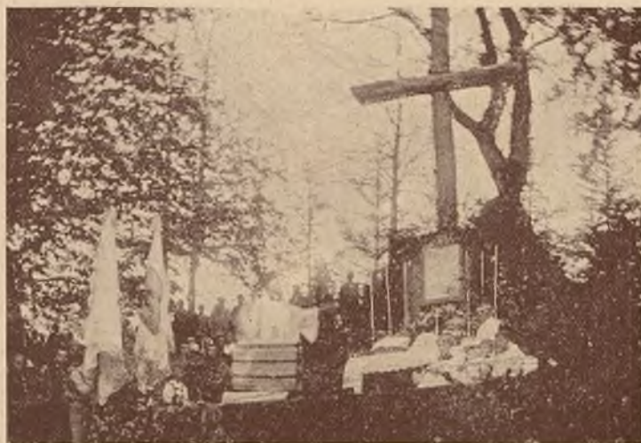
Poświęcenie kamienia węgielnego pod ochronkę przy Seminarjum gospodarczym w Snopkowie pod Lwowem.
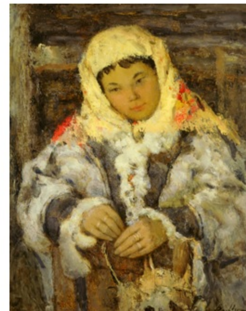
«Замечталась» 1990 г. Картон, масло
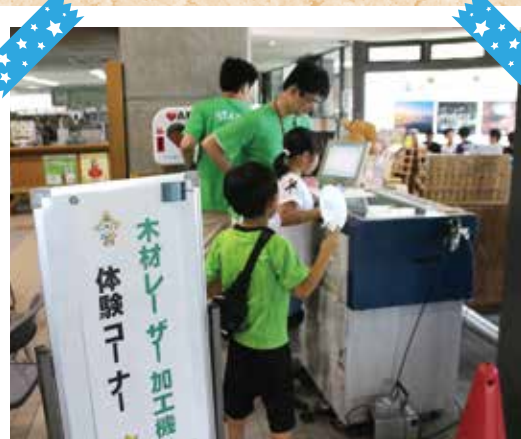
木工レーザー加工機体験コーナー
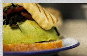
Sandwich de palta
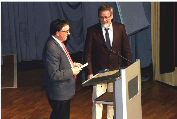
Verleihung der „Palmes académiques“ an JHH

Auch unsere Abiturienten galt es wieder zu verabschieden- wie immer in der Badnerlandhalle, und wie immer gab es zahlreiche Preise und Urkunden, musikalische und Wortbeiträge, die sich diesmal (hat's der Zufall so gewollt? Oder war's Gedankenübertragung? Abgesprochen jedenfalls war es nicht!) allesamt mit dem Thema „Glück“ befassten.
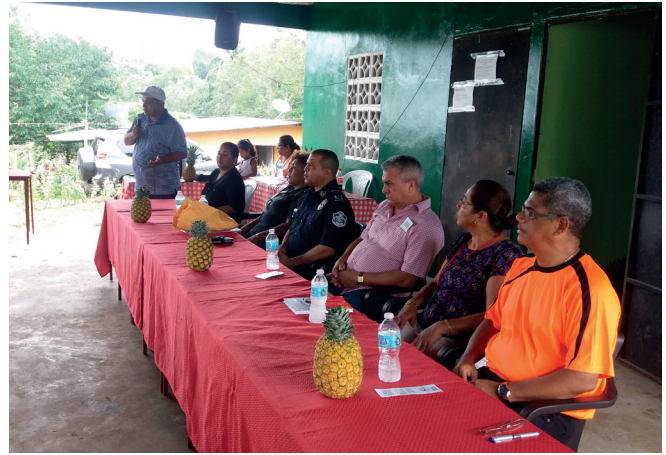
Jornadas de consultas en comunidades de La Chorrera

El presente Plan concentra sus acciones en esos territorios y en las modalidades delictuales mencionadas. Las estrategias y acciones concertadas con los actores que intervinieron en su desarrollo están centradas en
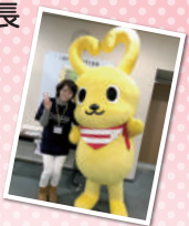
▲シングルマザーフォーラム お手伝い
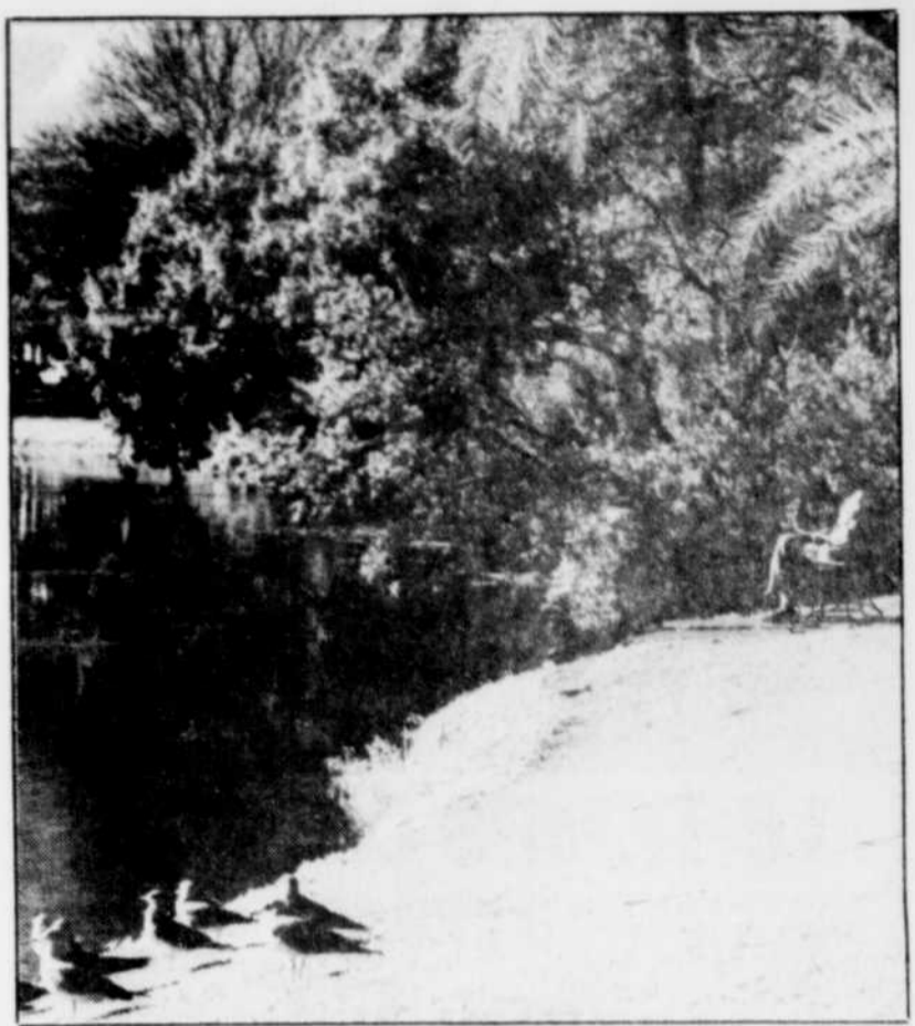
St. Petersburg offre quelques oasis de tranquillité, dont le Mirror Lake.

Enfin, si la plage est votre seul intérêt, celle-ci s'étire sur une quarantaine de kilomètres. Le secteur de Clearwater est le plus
══════
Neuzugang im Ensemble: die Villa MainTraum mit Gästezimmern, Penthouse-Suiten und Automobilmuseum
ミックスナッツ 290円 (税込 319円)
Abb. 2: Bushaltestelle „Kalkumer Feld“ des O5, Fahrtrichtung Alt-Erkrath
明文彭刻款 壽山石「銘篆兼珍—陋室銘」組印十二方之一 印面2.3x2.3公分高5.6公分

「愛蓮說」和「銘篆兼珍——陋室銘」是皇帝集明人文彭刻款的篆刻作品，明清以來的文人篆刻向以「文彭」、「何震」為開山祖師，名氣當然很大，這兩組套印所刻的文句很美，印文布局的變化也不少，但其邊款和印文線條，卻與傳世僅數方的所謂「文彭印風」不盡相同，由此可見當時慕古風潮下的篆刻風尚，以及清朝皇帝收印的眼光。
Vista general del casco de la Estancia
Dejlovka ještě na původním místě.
══════
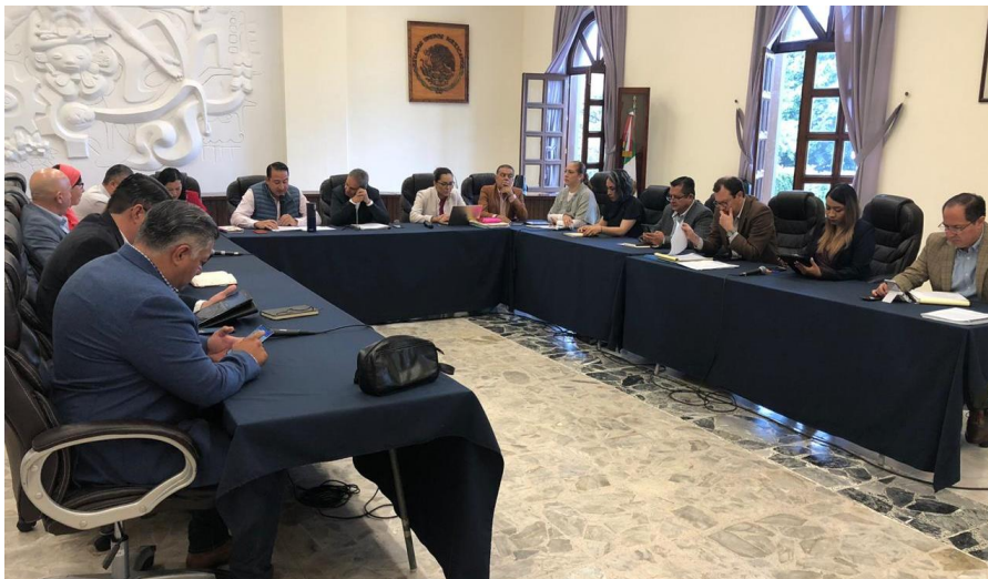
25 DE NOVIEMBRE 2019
══════
■ **What you should do**:
The lines to set down run from the line with "Jornadas de consultas" up to and including the line with "Enfin, si la" in the entries above. Reproduce them exactly, with no pictures.

■ **Response to the task**:
Jornadas de consultas en comunidades de La Chorrera

El presente Plan concentra sus acciones en esos territorios y en las modalidades delictuales mencionadas. Las estrategias y acciones concertadas con los actores que intervinieron en su desarrollo están centradas en
▲シングルマザーフォーラム お手伝い
St. Petersburg offre quelques oasis de tranquillité, dont le Mirror Lake.

Enfin, si la plage est votre seul intérêt, celle-ci s'étire sur une quarantaine de kilomètres. Le secteur de Clearwater est le plus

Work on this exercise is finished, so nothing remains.